I spent some time last Saturday evening taking images of some galaxies. I wanted to get a good wide field image of M33 in Triangulum which was nearly overhead. M33 (along with the Andromeda Galaxy) is part of our local group. It is fairly large (being relatively close by at 3 million light years) and very faint with a small star like core and some bright star forming regions.
The Starlight Express H9C camera on the 80mm APO refractor at 480mm focal length gave a field of view of almost 1 degree. M33 fit nicely in the frame. I used a Meade DSI camera on the 12″ Meade LX200 at 3000mm focal length as the guide scope. I took about an hour’s worth of 5-minute sub-exposures. Guiding at 3000mm focal length held the imaging camera rock steady for the duration of the exposures. This is the result after stacking and some image processing.
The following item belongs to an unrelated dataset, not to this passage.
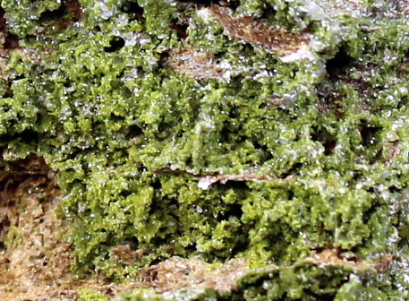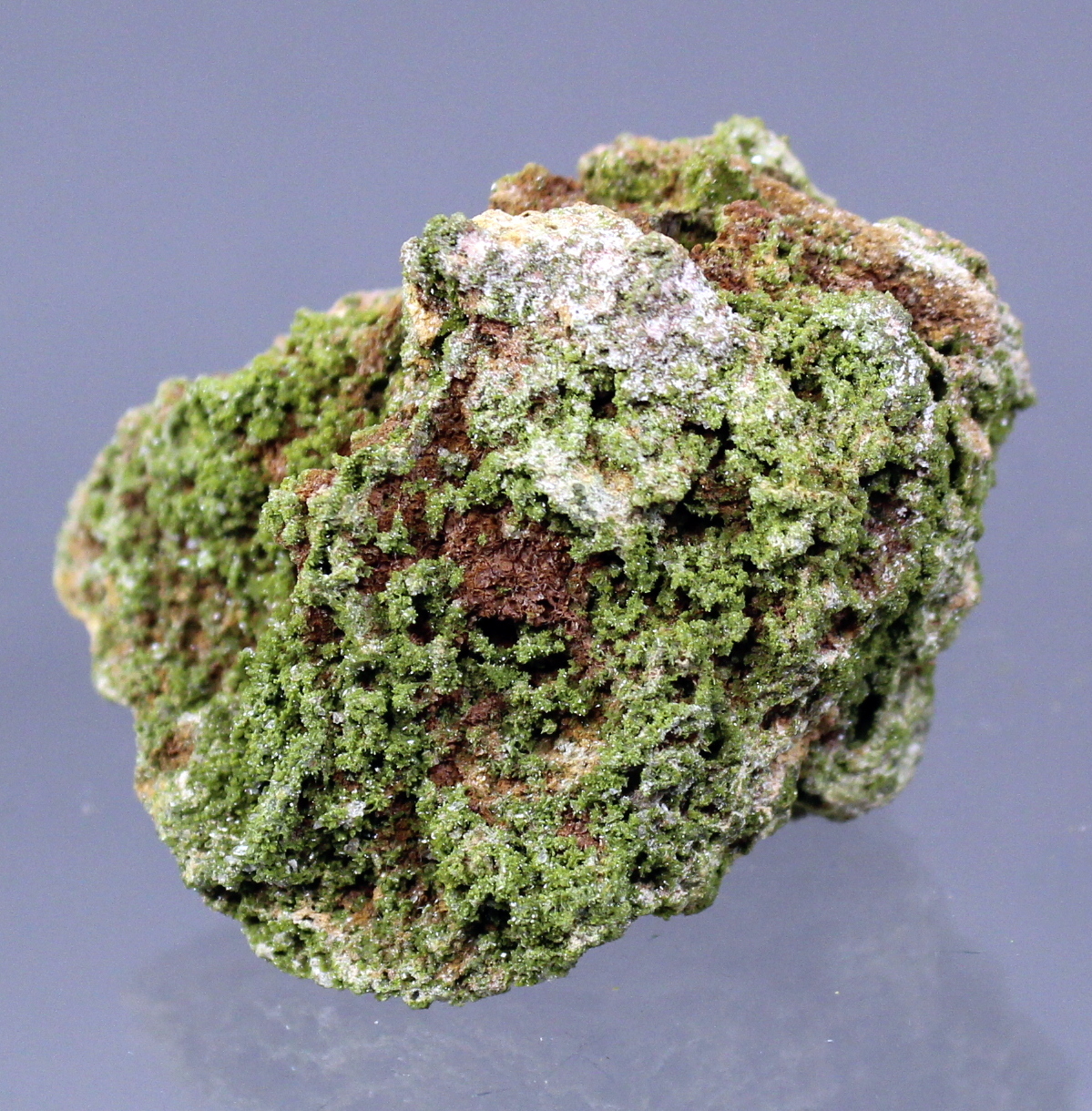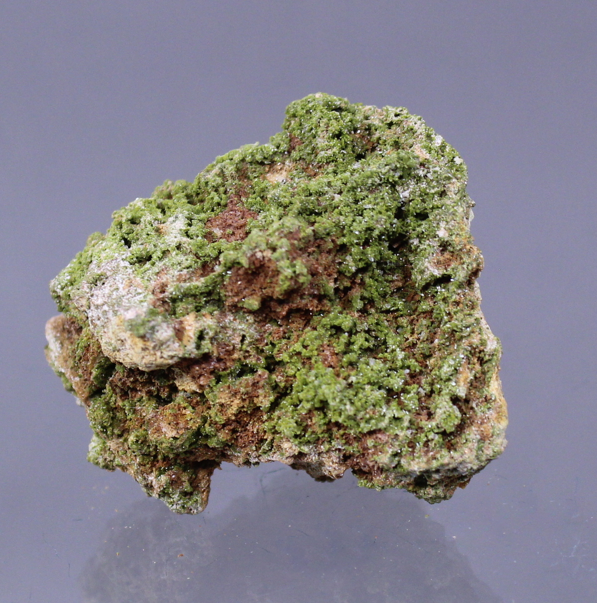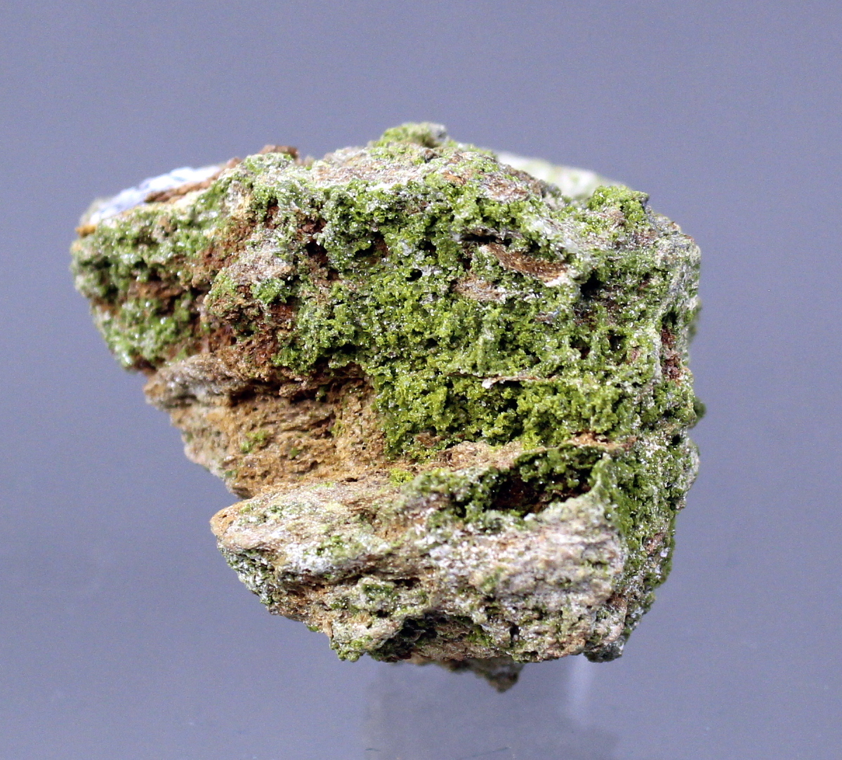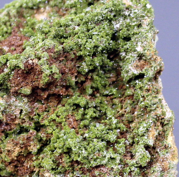 A vuggy piece of breccia coated with green pyromorphites. The label tells me there is a wulfenite somewhere but I sure as heck cant find it. Collected by Michael Dunn in 2007. Ex George Loud

I will post a full-size version to the gallery on our web page (http://www.pewaukeeastro.com/messier_gallery.html).

So far, so good. . .
Next, I thought I’d try NGC 7331 in Pegasus. Our web page has an image taken last last fall but it was not guided and very grainy. I wanted to get a nice guided image to replace the old one. This galaxy is MUCH further away (about 45 or so million light years) and is very small in the wide-field view. Therefore, I decided to switch the cameras and change who’s guiding who. I put the imaging camera onto the 12″ telescope with a focal reducer giving a focal length of about 1900mm. The field of view was about 16 arc-minutes. After re-focusing both cameras and re-calibrating the guide software (Maxim DL) I was back in business taking 5-minute sub exposures.
This time, the stars we somewhat elongated in the 5-minute exposures even though the on the guidescope looked like it was tracking well. However, the focal length of the guidescope was so short compared the the focal length of the imager (480mm vs 1900mm) that very small errors in guiding had a large effect on the imaging scope. Even so, the sub-exposures weren’t too bad and I was happy with the results.
then it happened. . .
Instead of seeing something like this:

I got this:

I can’t say whether I was daydreaming or distracted by checking the latest scores or what (I definitely was NOT snoozing!) but the guider lost track of the star it was using for a reference and chose a different one. It then moved the new star to the position of the original star. I was able to re-center the galaxy and carry-on. Sometimes funny things happen when guiding!
Here is the processed image — the full-sized version will appear on our web page: (http://www.pewaukeeastro.com/ngc_gallery.html).

By then I was ready to call it a night.